::: RECORDS PROVIDED :::

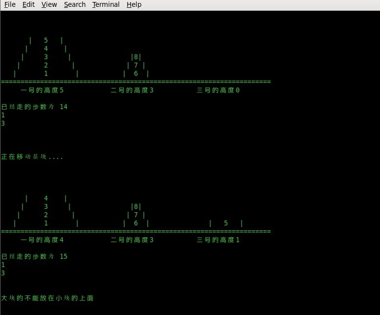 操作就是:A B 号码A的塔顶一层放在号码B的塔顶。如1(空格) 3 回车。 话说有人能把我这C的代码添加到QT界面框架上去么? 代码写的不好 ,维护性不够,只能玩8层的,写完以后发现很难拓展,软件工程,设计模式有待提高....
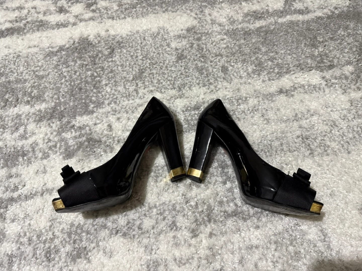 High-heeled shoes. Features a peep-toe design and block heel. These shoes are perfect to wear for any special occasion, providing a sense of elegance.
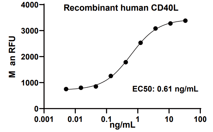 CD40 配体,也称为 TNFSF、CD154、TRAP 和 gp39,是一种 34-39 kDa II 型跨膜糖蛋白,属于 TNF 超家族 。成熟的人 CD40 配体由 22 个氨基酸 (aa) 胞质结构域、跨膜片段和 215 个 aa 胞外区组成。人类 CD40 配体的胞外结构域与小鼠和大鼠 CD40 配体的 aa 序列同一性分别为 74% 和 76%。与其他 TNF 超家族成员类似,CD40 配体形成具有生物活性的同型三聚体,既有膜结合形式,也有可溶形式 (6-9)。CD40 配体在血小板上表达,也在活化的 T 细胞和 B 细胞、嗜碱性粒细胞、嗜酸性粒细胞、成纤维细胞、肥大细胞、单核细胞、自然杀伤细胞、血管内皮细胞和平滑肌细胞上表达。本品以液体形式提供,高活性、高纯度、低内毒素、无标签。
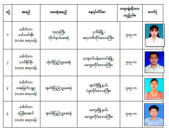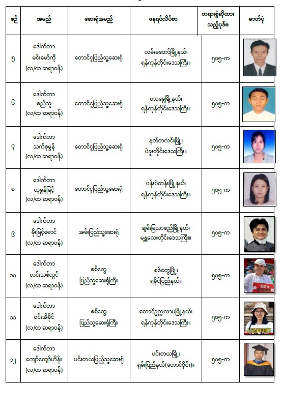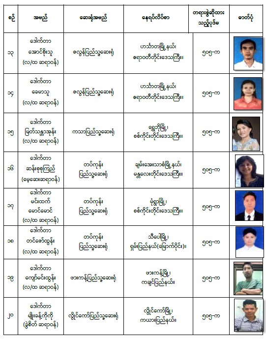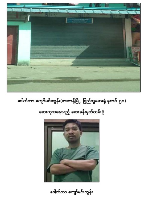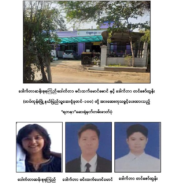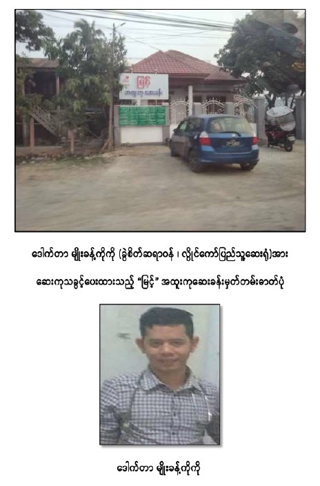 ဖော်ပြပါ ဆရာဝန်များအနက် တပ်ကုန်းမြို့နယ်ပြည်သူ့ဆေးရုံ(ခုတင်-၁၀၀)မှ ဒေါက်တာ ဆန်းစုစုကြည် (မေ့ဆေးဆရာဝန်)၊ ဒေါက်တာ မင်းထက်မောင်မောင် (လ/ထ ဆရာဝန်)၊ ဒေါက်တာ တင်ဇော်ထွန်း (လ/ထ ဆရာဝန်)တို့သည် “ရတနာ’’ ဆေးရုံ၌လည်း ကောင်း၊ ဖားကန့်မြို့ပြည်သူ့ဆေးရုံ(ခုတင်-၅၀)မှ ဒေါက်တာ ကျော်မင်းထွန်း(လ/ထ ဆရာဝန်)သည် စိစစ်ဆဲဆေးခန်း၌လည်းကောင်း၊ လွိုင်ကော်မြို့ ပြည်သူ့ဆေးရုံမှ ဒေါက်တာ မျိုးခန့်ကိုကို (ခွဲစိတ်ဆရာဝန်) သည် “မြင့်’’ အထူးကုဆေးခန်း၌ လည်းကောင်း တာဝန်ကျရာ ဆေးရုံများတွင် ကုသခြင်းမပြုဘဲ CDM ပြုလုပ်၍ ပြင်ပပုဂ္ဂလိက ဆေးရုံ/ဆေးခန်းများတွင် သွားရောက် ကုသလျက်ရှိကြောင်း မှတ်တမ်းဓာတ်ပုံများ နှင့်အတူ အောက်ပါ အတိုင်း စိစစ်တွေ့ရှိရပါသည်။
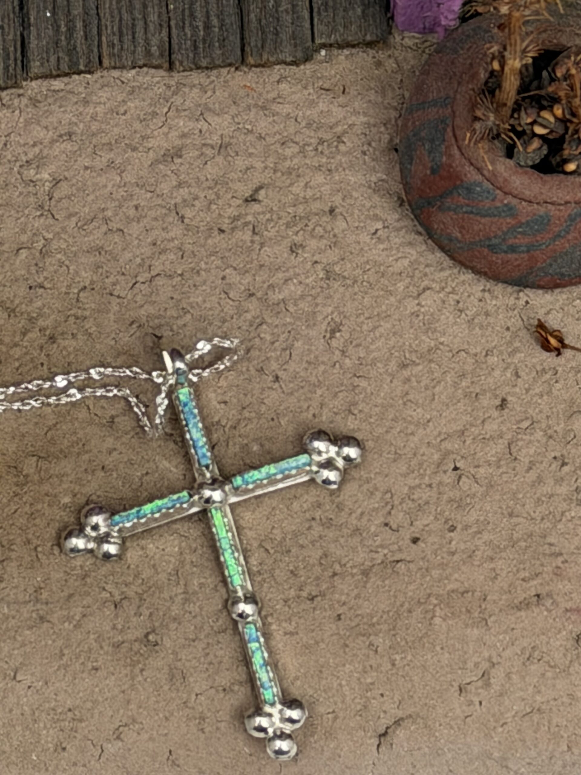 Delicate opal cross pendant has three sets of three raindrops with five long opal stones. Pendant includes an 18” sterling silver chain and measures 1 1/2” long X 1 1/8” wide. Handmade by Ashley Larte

:::

Leave out the pictures, and please output only the lines from the line that contains "အောက်ပါ အတိုင်း စိစစ်တွေ့ရှိရပါသည်။" through the end of the data, both ends included.

 ဖော်ပြပါ ဆရာဝန်များအနက် တပ်ကုန်းမြို့နယ်ပြည်သူ့ဆေးရုံ(ခုတင်-၁၀၀)မှ ဒေါက်တာ ဆန်းစုစုကြည် (မေ့ဆေးဆရာဝန်)၊ ဒေါက်တာ မင်းထက်မောင်မောင် (လ/ထ ဆရာဝန်)၊ ဒေါက်တာ တင်ဇော်ထွန်း (လ/ထ ဆရာဝန်)တို့သည် “ရတနာ’’ ဆေးရုံ၌လည်း ကောင်း၊ ဖားကန့်မြို့ပြည်သူ့ဆေးရုံ(ခုတင်-၅၀)မှ ဒေါက်တာ ကျော်မင်းထွန်း(လ/ထ ဆရာဝန်)သည် စိစစ်ဆဲဆေးခန်း၌လည်းကောင်း၊ လွိုင်ကော်မြို့ ပြည်သူ့ဆေးရုံမှ ဒေါက်တာ မျိုးခန့်ကိုကို (ခွဲစိတ်ဆရာဝန်) သည် “မြင့်’’ အထူးကုဆေးခန်း၌ လည်းကောင်း တာဝန်ကျရာ ဆေးရုံများတွင် ကုသခြင်းမပြုဘဲ CDM ပြုလုပ်၍ ပြင်ပပုဂ္ဂလိက ဆေးရုံ/ဆေးခန်းများတွင် သွားရောက် ကုသလျက်ရှိကြောင်း မှတ်တမ်းဓာတ်ပုံများ နှင့်အတူ အောက်ပါ အတိုင်း စိစစ်တွေ့ရှိရပါသည်။
 Delicate opal cross pendant has three sets of three raindrops with five long opal stones. Pendant includes an 18” sterling silver chain and measures 1 1/2” long X 1 1/8” wide. Handmade by Ashley Larte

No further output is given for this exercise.